Yes, Joe is right about the meaning. It does change the meaning of 
"understanding" because understanding is inadequately conceived initially and 
this whole debate is about what it really takes to constitute it, to have it.


> the understanding that Searle refuses to attribute whether to the man or
> to the room as a whole is different from the understanding that Dennett
> and others are willing to attribute to the system as a whole.
>

But Neil is right that it does not change the subject. The issue is what would 
it take for a mechanism like the CR to understand like we do?

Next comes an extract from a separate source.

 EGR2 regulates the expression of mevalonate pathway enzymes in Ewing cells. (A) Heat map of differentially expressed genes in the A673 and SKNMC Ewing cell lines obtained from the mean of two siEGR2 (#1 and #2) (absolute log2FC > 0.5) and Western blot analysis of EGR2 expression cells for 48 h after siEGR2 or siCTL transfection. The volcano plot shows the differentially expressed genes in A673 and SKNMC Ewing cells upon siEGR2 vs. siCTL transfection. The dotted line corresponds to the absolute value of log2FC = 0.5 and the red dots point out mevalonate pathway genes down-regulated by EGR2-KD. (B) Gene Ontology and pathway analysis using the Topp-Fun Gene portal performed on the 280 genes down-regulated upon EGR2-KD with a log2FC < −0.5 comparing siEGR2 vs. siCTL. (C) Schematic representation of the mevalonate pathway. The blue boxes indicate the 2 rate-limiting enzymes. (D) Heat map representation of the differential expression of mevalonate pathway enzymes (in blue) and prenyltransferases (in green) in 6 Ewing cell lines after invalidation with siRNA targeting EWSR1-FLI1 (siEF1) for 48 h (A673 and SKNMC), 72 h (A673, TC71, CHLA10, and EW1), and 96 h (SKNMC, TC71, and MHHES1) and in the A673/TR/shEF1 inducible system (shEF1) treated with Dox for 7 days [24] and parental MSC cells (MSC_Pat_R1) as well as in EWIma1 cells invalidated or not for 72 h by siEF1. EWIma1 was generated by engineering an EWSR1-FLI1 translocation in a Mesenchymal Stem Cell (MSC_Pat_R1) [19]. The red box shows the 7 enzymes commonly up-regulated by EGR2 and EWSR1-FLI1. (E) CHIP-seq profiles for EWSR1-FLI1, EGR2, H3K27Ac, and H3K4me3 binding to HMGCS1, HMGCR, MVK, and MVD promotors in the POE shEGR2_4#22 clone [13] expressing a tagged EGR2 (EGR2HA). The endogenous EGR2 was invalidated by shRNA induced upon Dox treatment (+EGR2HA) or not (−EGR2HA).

> to Searle, understanding is a qualitative aspect of experience, a quale.
>
> to Dennett, understanding is just complex functionality without qualia.
>
> Joe

But not without experience or a sense of selfness. Dennett argues that we don't 
need to posit an additional entity called a quale to explain the occurrence of 
experience in all its aspects. What is going on, says Dennett, is just a kind 
of physical process, a process-based system (many such processes running 
together and interactively). The occurrence of sensations, of feelings, of a 
sense of being a self are all just outcomes of the way this complex system of 
many processes comes together. As parts of the system break down, turn off, 
fall away, we lose parts of what it means to be a conscious entity and this is 
well documented in the literature of neurological research.

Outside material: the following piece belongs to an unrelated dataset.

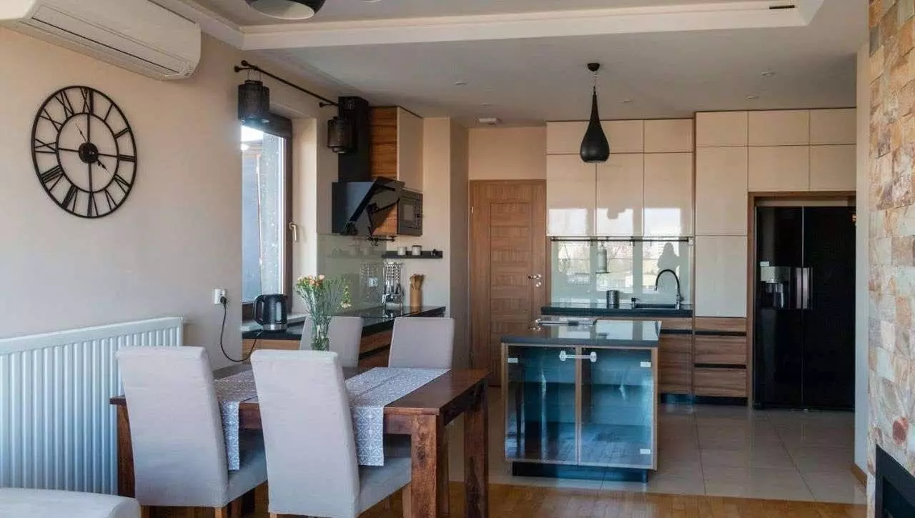 Оснащение: двудверный холодильник с ледогенератором, посудомоечная машина, варочная панель, духовка, микроволновка, стиральная машина, телевизор, кондиционер, мебель из экзотического дерева, биокамин, кровати (двуспальная и односпальная), комоды, письменный стол.

Searle's notion hinges on the refusal or inability to shake the idea of 
consciousness as it presents to the conscious self, what Searle calls the 
first-person ontology of consciousness. Dennett's notion is that this notion is 
illusion, a function of other kinds of events in brains that are not, 
themselves, of this type.

The reason Neil is right that the system reply does not "change the subject" is 
because the subject IS just WHAT is understanding? What do we mean by 
consciousness? How should it be conceived? How can we account for it? Searle's 
CRA depends on a particular idea of consciousness and Dennett's on another. 
What remains is to determine if Dennett's is wrong (can't fully account for 
everything we mean by "consciousness") since I believe we have already seen 
that Searle's logical argument collapses (since it assumes the understanding of 
consciousness it purports to logically demonstrate).

The system reply, in describing consciousness (includes understanding, of 
course) in terms of a process-based system redescribes what we mean by 
consciousness (and understanding) in ourselves. But if that redescription is 
the right one, then Searle's CRA is clearly mistaken.